*Supplied material:*
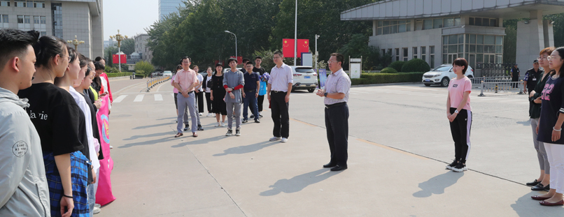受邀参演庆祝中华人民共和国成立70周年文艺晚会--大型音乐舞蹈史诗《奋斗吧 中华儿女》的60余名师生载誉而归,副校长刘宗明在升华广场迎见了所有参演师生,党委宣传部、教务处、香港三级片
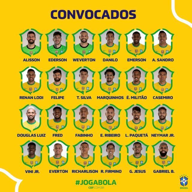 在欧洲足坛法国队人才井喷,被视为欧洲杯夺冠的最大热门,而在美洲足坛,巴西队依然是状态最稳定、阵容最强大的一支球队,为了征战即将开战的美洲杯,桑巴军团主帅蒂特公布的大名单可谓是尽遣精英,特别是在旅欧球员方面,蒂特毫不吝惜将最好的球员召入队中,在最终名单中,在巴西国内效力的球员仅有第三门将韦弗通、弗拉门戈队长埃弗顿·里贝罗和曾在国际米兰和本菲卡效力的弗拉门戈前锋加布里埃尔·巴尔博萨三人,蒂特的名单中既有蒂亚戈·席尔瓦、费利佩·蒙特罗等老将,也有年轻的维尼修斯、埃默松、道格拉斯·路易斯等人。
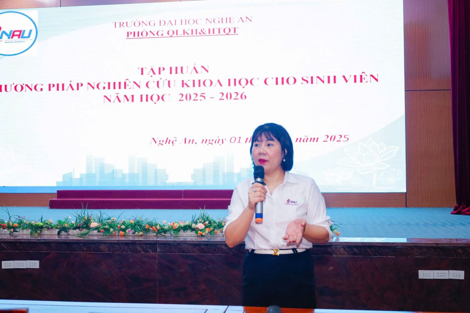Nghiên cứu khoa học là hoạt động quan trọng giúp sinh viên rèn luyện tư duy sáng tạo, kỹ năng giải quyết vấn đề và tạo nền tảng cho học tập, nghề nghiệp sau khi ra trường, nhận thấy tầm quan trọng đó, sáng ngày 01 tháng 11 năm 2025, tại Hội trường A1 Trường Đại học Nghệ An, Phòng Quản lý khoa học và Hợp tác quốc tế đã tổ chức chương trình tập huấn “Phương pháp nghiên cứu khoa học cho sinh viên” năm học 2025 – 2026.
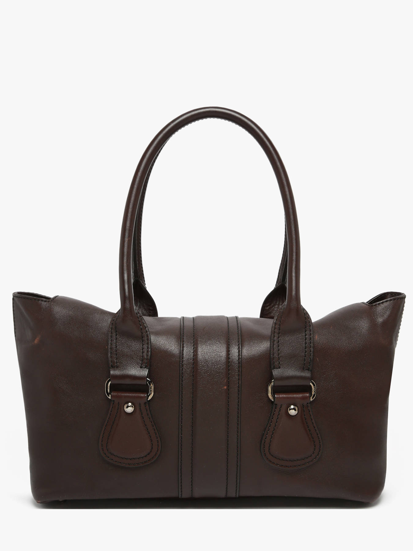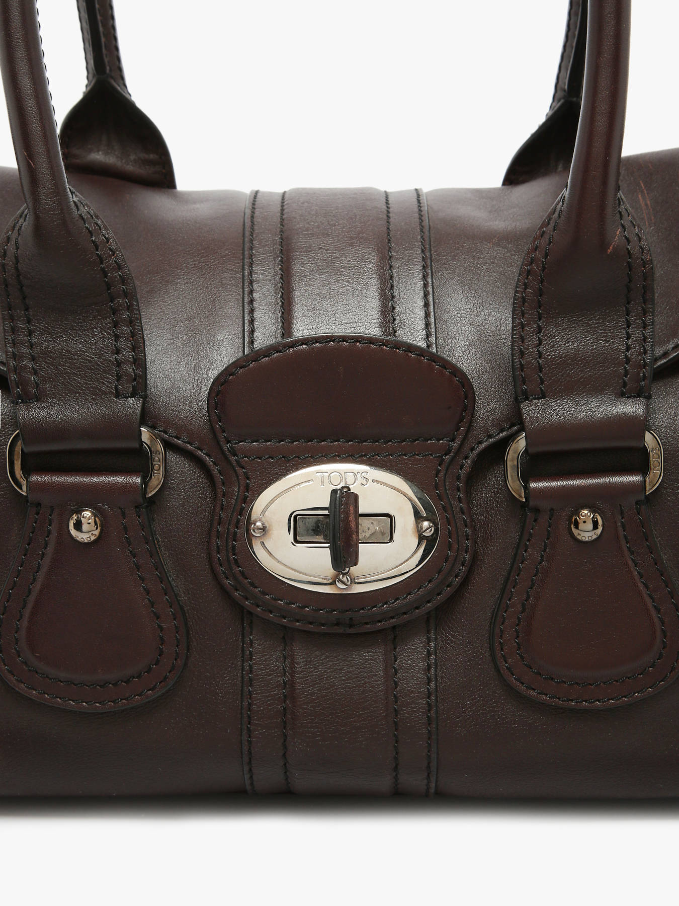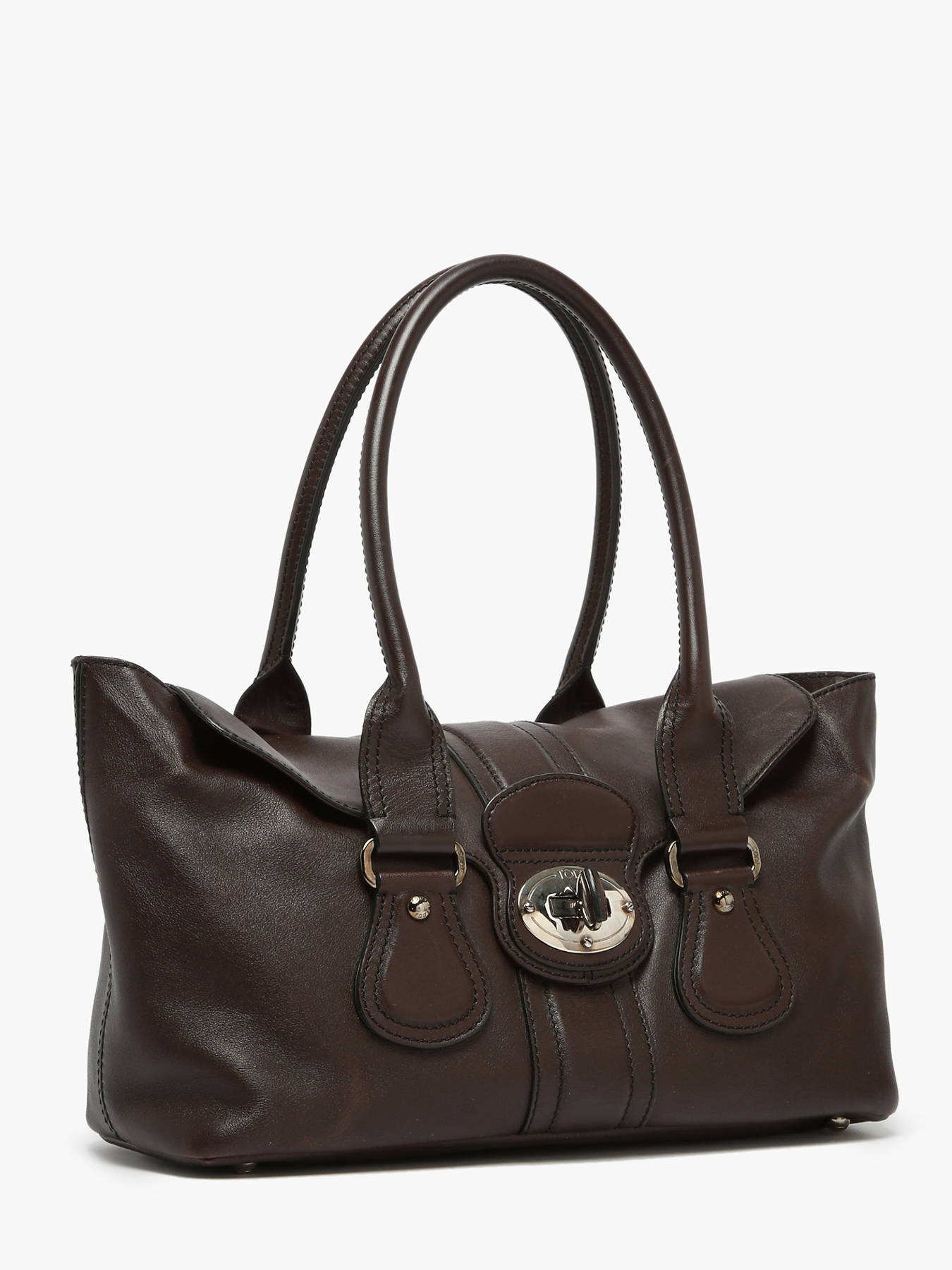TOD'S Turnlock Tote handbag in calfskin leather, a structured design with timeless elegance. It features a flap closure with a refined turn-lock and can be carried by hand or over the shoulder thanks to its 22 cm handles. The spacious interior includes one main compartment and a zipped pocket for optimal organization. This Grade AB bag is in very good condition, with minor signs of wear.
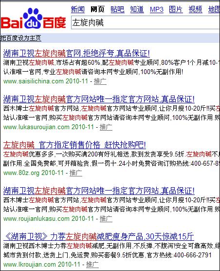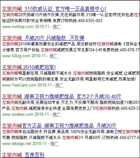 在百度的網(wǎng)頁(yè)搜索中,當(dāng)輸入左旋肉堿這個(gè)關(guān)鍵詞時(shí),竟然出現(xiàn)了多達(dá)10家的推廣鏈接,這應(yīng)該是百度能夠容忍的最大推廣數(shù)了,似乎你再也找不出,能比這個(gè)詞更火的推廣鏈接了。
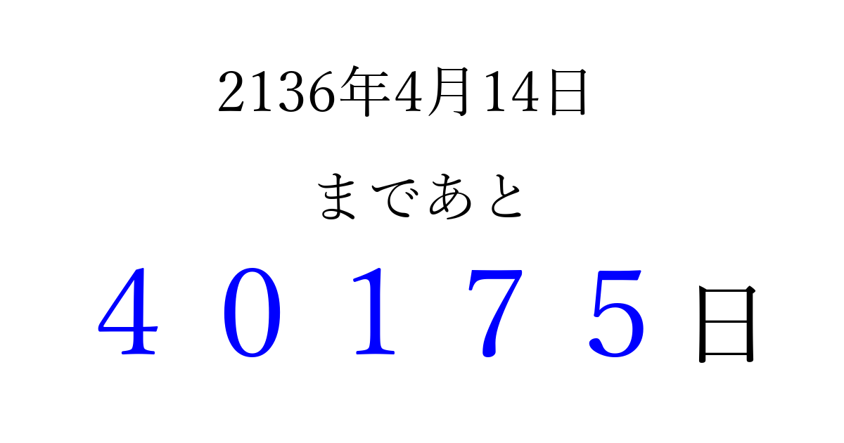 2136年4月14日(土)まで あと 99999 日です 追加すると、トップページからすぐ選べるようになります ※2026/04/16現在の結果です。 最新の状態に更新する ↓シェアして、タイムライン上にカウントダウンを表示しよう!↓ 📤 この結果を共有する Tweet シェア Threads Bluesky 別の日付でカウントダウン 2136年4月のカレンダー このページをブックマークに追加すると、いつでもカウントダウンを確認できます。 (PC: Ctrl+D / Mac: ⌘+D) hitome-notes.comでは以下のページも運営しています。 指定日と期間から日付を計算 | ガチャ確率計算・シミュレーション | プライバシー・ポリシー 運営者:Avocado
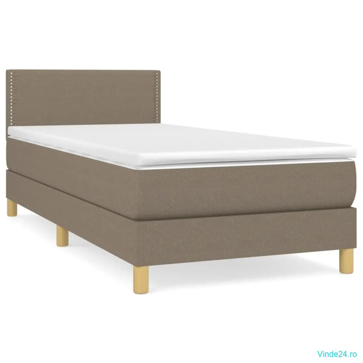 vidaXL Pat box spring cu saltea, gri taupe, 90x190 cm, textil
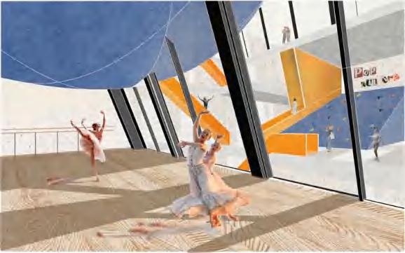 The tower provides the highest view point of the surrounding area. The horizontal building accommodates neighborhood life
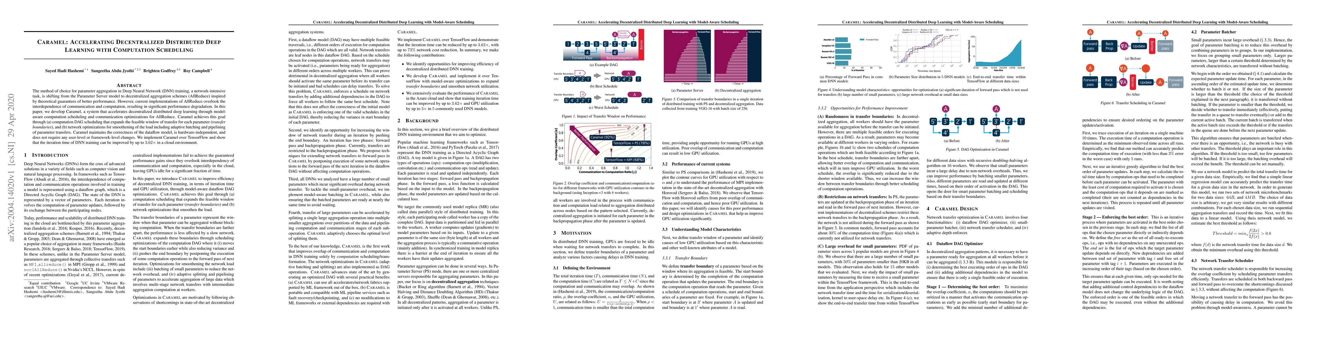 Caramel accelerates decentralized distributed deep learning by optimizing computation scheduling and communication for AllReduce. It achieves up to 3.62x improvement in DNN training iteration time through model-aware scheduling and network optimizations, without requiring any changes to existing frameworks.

*What needs to be done:* Your reply should be the lines of the records from the start through the line with "在欧洲足坛法国队人才井喷,被", copied word for word, pictures omitted.

*Task result:*
受邀参演庆祝中华人民共和国成立70周年文艺晚会--大型音乐舞蹈史诗《奋斗吧 中华儿女》的60余名师生载誉而归,副校长刘宗明在升华广场迎见了所有参演师生,党委宣传部、教务处、香港三级片
 在欧洲足坛法国队人才井喷,被视为欧洲杯夺冠的最大热门,而在美洲足坛,巴西队依然是状态最稳定、阵容最强大的一支球队,为了征战即将开战的美洲杯,桑巴军团主帅蒂特公布的大名单可谓是尽遣精英,特别是在旅欧球员方面,蒂特毫不吝惜将最好的球员召入队中,在最终名单中,在巴西国内效力的球员仅有第三门将韦弗通、弗拉门戈队长埃弗顿·里贝罗和曾在国际米兰和本菲卡效力的弗拉门戈前锋加布里埃尔·巴尔博萨三人,蒂特的名单中既有蒂亚戈·席尔瓦、费利佩·蒙特罗等老将,也有年轻的维尼修斯、埃默松、道格拉斯·路易斯等人。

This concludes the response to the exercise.